App 586937 output: [2023-12-18 15:31:07 +0000 ] FATAL “[ffe1ddfd-3dd5-4a5d-8a57-eb6c54756c1e] \n[ffe1ddfd-3dd5-4a5d-8a57-eb6c54756c1e] ActiveRecord::StatementInvalid (Could not find table ‘jobs’):\n[ffe1ddfd-3dd5-4a5d-8a57-eb6c54756c1e] \n[ffe1ddfd-3dd5-4a5d-8a57-eb6c54756c1e] app/models/workflow.rb:16:in block in <class:Workflow>'\n[ffe1ddfd-3dd5-4a5d-8a57-eb6c54756c1e] app/controllers/workflows_controller.rb:225:in update_jobs’”

OK - how about how you mount the NFS? Do you disable local locks?

The nfs system is provided by the customer, so we have no in-depth knowledge of it.

You can issue mount -l | grep <your directory> to see.

But even so, you provide mount options on your server when your machine mounts it, so I think you should be in control of it.

We are really in a situation where we have no power to touch the NFS, what we have to do is to identify the error and see what is going on. I don’t know if this problem we are having is due to the shared system or what, can you think of anything for this situation?

NFS file locking is the only thing that comes to mind as what could be causing this issue. It would appear that you can create the file (that suggests you have read & write permissions to that location) but are unable to actually issue SQL queries against it.
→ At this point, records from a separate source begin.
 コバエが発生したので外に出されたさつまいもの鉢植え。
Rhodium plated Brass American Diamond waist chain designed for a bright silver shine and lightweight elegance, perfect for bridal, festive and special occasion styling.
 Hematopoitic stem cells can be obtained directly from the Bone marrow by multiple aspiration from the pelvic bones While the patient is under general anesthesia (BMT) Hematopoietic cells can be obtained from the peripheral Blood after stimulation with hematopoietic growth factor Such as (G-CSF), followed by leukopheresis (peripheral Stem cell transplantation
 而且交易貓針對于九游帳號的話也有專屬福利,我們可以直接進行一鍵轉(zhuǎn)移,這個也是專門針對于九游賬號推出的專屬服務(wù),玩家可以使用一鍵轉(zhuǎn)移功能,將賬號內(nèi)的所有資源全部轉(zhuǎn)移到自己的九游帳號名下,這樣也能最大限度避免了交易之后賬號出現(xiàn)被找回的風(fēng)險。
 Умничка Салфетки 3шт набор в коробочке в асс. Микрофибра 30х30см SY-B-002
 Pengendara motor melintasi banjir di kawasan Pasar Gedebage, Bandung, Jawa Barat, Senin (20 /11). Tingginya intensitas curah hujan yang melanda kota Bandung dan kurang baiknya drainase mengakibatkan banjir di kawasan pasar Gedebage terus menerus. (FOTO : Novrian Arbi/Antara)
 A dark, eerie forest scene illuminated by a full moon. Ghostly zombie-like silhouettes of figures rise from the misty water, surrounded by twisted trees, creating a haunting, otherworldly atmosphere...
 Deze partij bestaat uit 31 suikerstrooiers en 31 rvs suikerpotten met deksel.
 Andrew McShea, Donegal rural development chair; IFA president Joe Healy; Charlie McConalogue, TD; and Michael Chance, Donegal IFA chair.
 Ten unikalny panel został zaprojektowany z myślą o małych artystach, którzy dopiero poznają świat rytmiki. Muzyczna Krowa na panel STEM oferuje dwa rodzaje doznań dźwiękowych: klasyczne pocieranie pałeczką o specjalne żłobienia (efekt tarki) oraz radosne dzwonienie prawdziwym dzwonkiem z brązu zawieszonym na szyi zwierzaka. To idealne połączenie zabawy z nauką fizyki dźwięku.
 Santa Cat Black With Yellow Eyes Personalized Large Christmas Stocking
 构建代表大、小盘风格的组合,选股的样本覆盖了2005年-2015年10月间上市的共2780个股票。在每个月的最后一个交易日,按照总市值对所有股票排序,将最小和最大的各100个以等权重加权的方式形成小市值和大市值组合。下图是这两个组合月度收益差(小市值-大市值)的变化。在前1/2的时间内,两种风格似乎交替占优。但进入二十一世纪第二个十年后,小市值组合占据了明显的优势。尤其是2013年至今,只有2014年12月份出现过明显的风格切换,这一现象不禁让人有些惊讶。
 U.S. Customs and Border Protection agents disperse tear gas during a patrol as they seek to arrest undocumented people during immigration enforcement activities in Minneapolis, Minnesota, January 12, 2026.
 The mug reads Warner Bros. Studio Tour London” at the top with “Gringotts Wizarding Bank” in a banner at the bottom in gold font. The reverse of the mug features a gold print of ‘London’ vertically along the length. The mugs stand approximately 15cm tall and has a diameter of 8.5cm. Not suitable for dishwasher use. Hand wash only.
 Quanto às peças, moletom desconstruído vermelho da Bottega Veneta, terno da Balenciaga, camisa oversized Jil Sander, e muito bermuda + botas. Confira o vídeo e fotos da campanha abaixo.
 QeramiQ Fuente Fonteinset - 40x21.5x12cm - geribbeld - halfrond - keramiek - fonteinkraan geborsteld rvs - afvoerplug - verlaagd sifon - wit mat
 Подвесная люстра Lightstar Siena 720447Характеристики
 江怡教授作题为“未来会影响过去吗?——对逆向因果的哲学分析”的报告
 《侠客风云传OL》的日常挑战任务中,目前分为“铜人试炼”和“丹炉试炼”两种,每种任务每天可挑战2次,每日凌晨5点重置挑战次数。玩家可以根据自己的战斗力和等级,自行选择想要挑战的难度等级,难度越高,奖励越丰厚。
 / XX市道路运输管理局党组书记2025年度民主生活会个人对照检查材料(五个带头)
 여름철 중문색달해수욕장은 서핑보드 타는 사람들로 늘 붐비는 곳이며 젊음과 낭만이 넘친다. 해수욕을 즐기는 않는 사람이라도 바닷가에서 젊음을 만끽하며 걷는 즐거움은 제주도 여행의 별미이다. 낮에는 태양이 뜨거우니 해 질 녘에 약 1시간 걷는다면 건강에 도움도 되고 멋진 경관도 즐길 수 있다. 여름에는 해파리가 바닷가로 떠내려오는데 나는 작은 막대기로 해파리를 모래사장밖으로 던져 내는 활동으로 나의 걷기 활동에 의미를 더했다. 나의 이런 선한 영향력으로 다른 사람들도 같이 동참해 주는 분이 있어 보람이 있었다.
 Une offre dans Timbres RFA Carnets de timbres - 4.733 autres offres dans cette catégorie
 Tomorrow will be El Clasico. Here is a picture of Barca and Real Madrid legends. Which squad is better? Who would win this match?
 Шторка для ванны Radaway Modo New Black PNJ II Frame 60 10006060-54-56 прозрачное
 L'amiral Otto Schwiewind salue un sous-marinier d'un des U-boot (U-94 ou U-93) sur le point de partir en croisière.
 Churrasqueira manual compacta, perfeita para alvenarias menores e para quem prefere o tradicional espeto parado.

Searching the internet for sqlite3 nfs lock will give you some indication that using sqlite3 on NFS storages (as OnDemand does) has some caveats.

If you go through the flow that I’ve provided by removing the file, bouncing the server, then navigating through the navigation bar - you should see something relevant in your error logs (should being the operative word here). It seems like it’s unable to create the database (in the setup-production file linked above) and so should log that information as to why that’s not the case.

I’ll double check to confirm that we catch & log any errors when we run this script.